Dear Rotarians in District 7950,
 
We have entered the season at the end of the calendar year where the observance of traditions hold us to be grateful and thankful for all we have experienced and received in our lives. At the same time we are looking forward to give to others to provide joy and happiness, to help those where is need.
 
The Clubs in our District 7950 have reason to celebrate the season, as virtually every Club has embraced and committed to donate an average of $100 per member to the Rotary Foundation during this Rotary year as its goal. Most Clubs are working towards this goal by encouraging and facilitating individual giving by members and substituting this through fundraising programs at the Club level.
 
Put together, this is a record for the District and each one of you is to be congratulated for this commitment towards the Rotary Foundation!
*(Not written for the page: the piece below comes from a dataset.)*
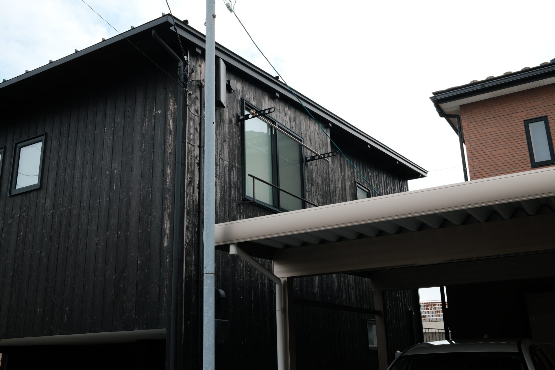 隣家のカーポート上の、焼杉(表面塗装品)の表面の塗装がだんだん剥がれてきています。この写真を見るだけでもどれだけ北西側からの雨風による影響が大きいかがわかります。

It truly represents service above self and I am grateful and thankful to each one of you!
 
The Rotary Foundation is the one Foundation through which Clubs and each of its member can either directly (by having it subsidize through grants your Club’s own programs), or indirectly (by enabling the Rotary Foundation supporting humanitarian programs worldwide) address local or international need.
 
 
 
 

PolioPlus, the most ambitious program in Rotary's history, is the volunteer arm of the Global Polio Eradication Initiative. For more than 25 years, Rotary has led the private sector in the global effort to rid the world of this crippling disease. Today, PolioPlus and its role in the initiative is recognized worldwide as a model of public-private cooperation in pursuit of a humanitarian goal.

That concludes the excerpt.